Start of Block
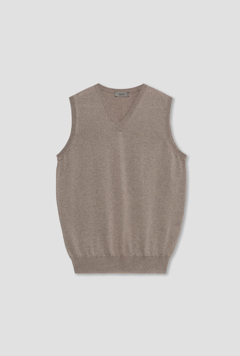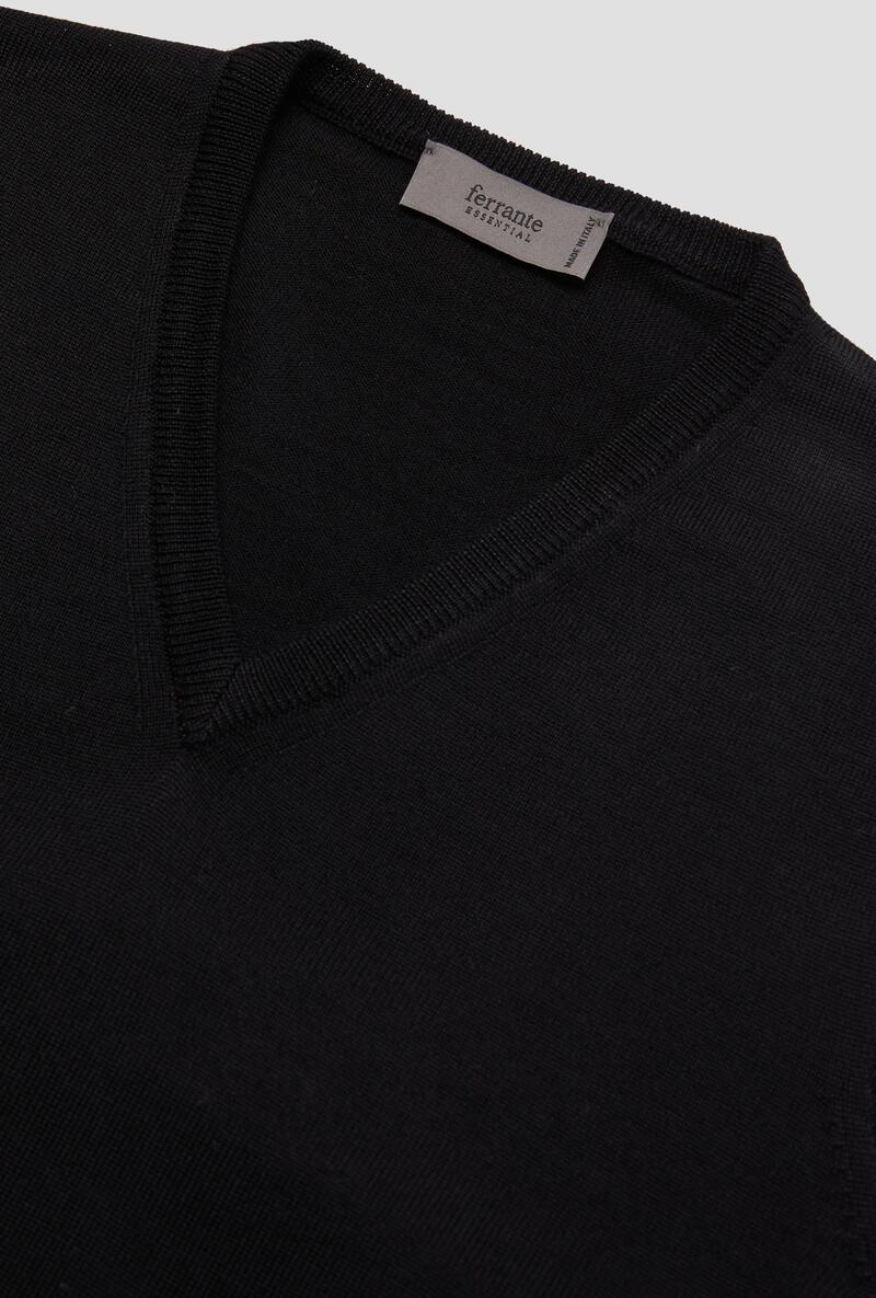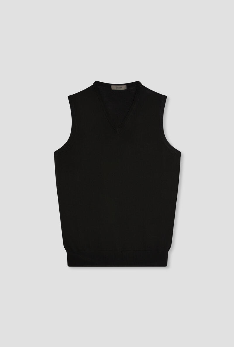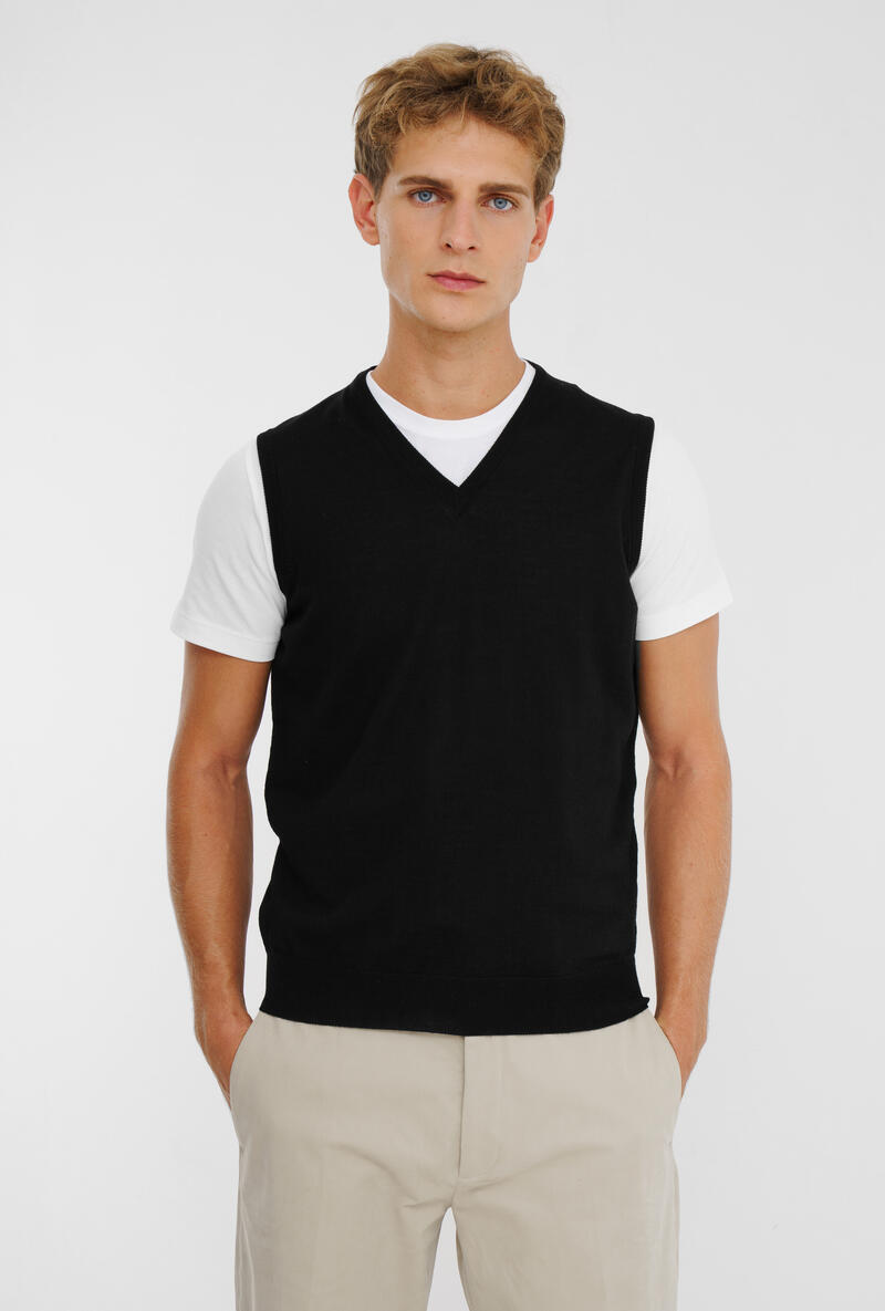 Scollo a V senza maniche.Lana Pettinata.Made in Italy.Il modello è alto 1,88m e indossa la taglia 50.
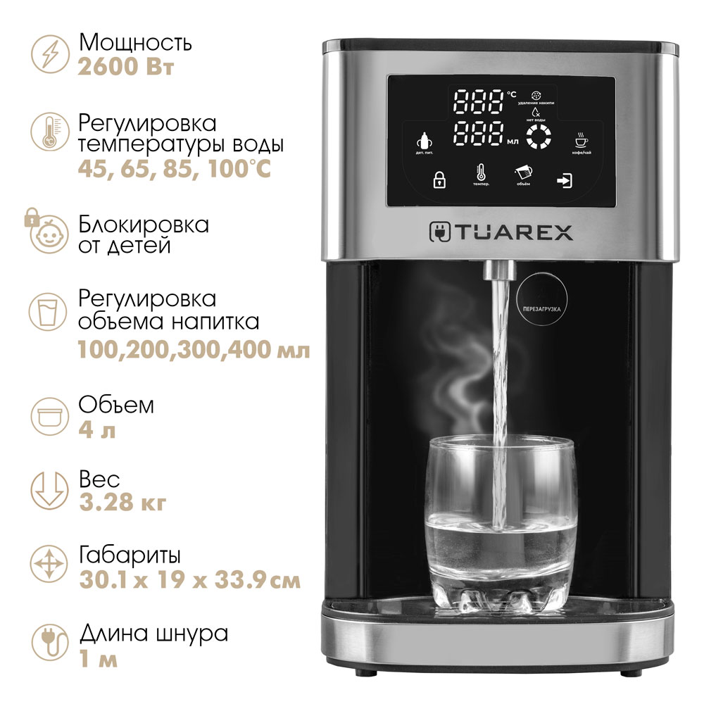 Электрический термопот Tuarex TK-8100 - это идеальное решение для тех, кто ценит удобство и функциональность в быту. Благодаря мощности 2600 Вт и емкости резервуара для воды в 4 литра вы всегда сможете быстро получить нужное количество горячей воды.
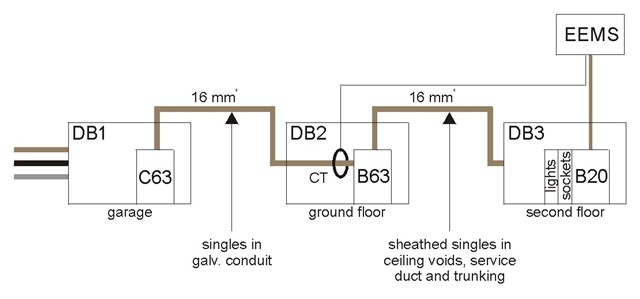 I would like to get the installation as ready as it can be for when I get a system put in. On the second floor, there is a small DB which serves one lighting and one socket circuit. For some reason which is unclear, the distribution circuit uses 16 mm² cable. So the easiest and most economical approach would be to wire the inverter output into the second floor DB as shown in the diagram below.
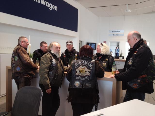 Als ich am Karfreitag das Ende des Regens abgewartet habe, habe ich um 9.00h unsere Bikes auf die Strasse gestellt. Kurz darauf tuckerte es schon und Roland kam mit kalten Händen vorgefahren. Kurz darauf war auch RC Rainer im Reisweg, stellte in optimistischer Hoffnung seine Maschine gut und gern 50 Meter entfernt ab. Diese Lücke werden ja die Biker, die noch kommen locker auffüllen - meinte er!
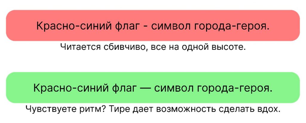 Почему это работает: тире создает в тексте дыхание. Как в музыке — без пауз получается каша из звуков.
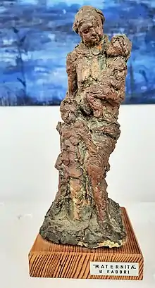 He was the author, in the early thirties of the twentieth century, of some of the marble busts placed in the Shrine of Fascist Martyrs (Paolo Accorsi, Franco Gozzi, Rino Moretti) placed in the then new headquarters of the Casa del Fascio, along with colleagues Giuseppe Virgili, Enzo Nenci, Antonio Alberghini, Laerte Milani and Gaetano Galvani.[1] He sent his works to the International Exhibition of Sacred Art in Padua in 1931, to the Primaverile in Florence in 1933, to the Venice Biennale in 1936. In 1937 his sculpture Giovinetto is acquired by the Gallery of Modern Art in Milan. In 1938 he made the marble bust of Marshal Emilio De Bono of Italy, which was originally in Corte Delle Vittorie in Rome and is now in storage at the Casa Made Dei Mutilati in Rome. Other sculptures of his in Ferrara: the terracotta panels of the Via Crucis, in the Gran Claustro of the Church of San Cristoforo alla Certosa; Il Genio dell'arte, bronze sculpture on the facade of the Conservatorio Girolamo Frescobaldi (1930); the Fontana Narciso, in gilded bronze, at the Chamber of Commerce of Ferrara (1964); the neo-fourteenth-century Busto di Madonna, in terracotta, now owned by BPER (1946). The clay group of Ecce Homo (Ferrara, private collection)[2] is originally resolved from the iconographic point of view, as well as Salvamento, terracotta of 1953, currently at the Cavallini-Sgarbi Foundation of Ro Ferrarese.[3]
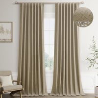Joywell Yellowish Brown Linen 100% Blackout Curtains 108 Inch Long, Rod Pocket/Back Tab/Hook Belt/Clip Rings,Thermal Insulated Drapes For Bedroom Living Room With Hooks,2 Panels,52 X 108
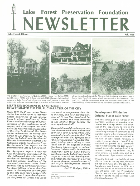 Lake Forest Preservation Foundation members receive a subscription to Preservation, the Foundation’s newsletter. Here is our newsletter archive.
End of Block
The lines from the start of the records above through the line that holds "Почему это работает: тире" are to be copied exactly, both ends included, and no pictures are to be copied.

■ Exercise result:
 Scollo a V senza maniche.Lana Pettinata.Made in Italy.Il modello è alto 1,88m e indossa la taglia 50.
 Электрический термопот Tuarex TK-8100 - это идеальное решение для тех, кто ценит удобство и функциональность в быту. Благодаря мощности 2600 Вт и емкости резервуара для воды в 4 литра вы всегда сможете быстро получить нужное количество горячей воды.
 I would like to get the installation as ready as it can be for when I get a system put in. On the second floor, there is a small DB which serves one lighting and one socket circuit. For some reason which is unclear, the distribution circuit uses 16 mm² cable. So the easiest and most economical approach would be to wire the inverter output into the second floor DB as shown in the diagram below.
 Als ich am Karfreitag das Ende des Regens abgewartet habe, habe ich um 9.00h unsere Bikes auf die Strasse gestellt. Kurz darauf tuckerte es schon und Roland kam mit kalten Händen vorgefahren. Kurz darauf war auch RC Rainer im Reisweg, stellte in optimistischer Hoffnung seine Maschine gut und gern 50 Meter entfernt ab. Diese Lücke werden ja die Biker, die noch kommen locker auffüllen - meinte er!
 Почему это работает: тире создает в тексте дыхание. Как в музыке — без пауз получается каша из звуков.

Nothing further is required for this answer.